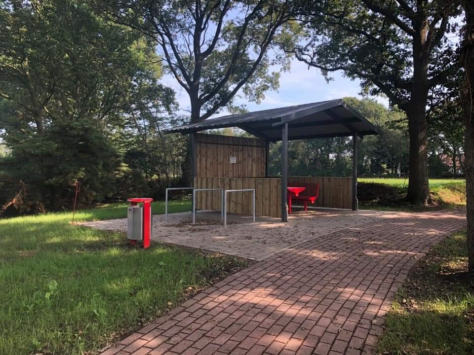 Der Rastplatz liegt direkt am Ostfriesland-Wanderweg / Schwarzer Weg in Middels.
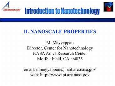 II. NANOSCALE PROPERTIES M. Meyyappan Director,
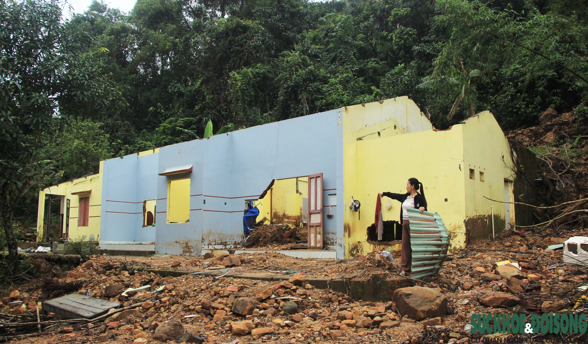 "Hôm ấy, nước lũ vây kín cả xóm. Chạy ra tới đường thì nước đã ngang ngực nhưng không ai dám dừng lại. Khi tới đường bê tông phía trước cũng là lúc trên núi phát ra tiếng nổ lớn, rồi đất đá ào ạt trút xuống, xô sập bức tường nhà ông Linh. Thật sự khủng khiếp…", bà Hường nhớ lại, giọng vẫn còn run run.
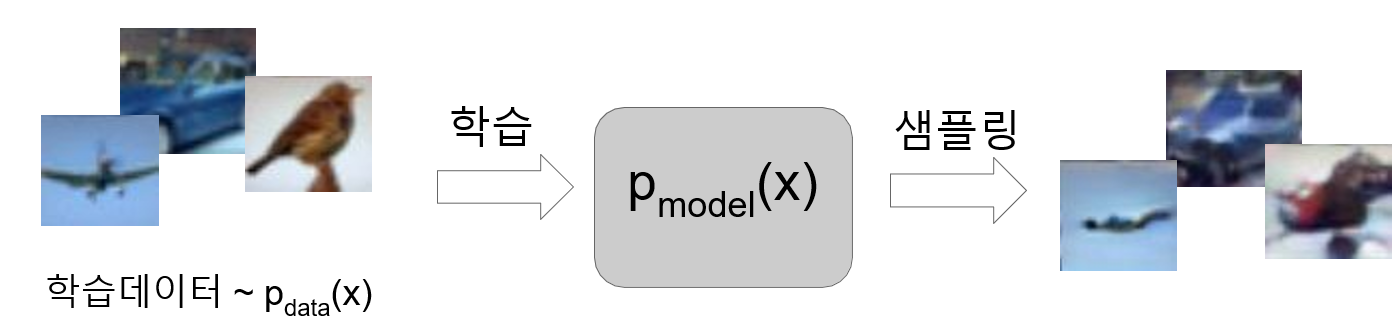 - 암시적(implicit) 밀도 추정 : P_model(x)를 명시적으로 정의하지 않고도 샘플링 할 수 있는 모델을 학습하는 방법
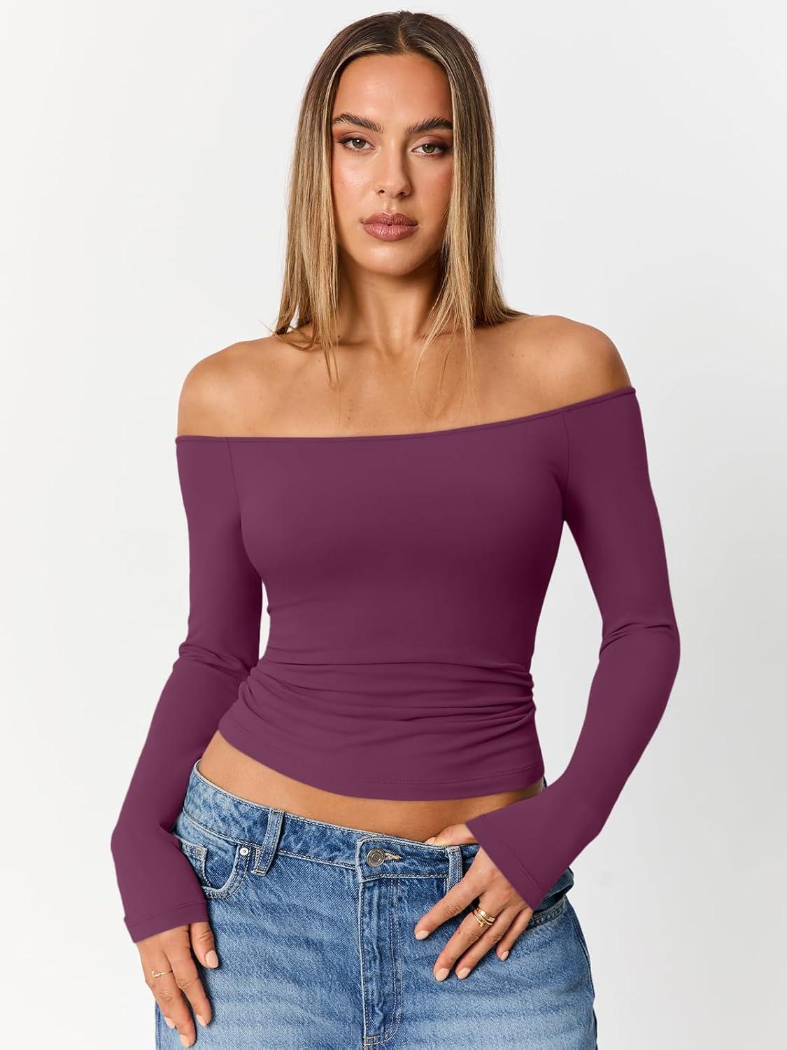 Trendy Queen Womens Long Sleeve Off The Shoulder Tops Going Out Cute Basic Y2K Fall Fashion 2025 Outfits Clothes(Purple)

### TASK STATEMENT
Repeat only the lines between the top of the entries above and the line containing "II. NANOSCALE PROPERTIES", both ends included, without the pictures.

### ANSWER AREA
 Der Rastplatz liegt direkt am Ostfriesland-Wanderweg / Schwarzer Weg in Middels.
 II. NANOSCALE PROPERTIES M. Meyyappan Director,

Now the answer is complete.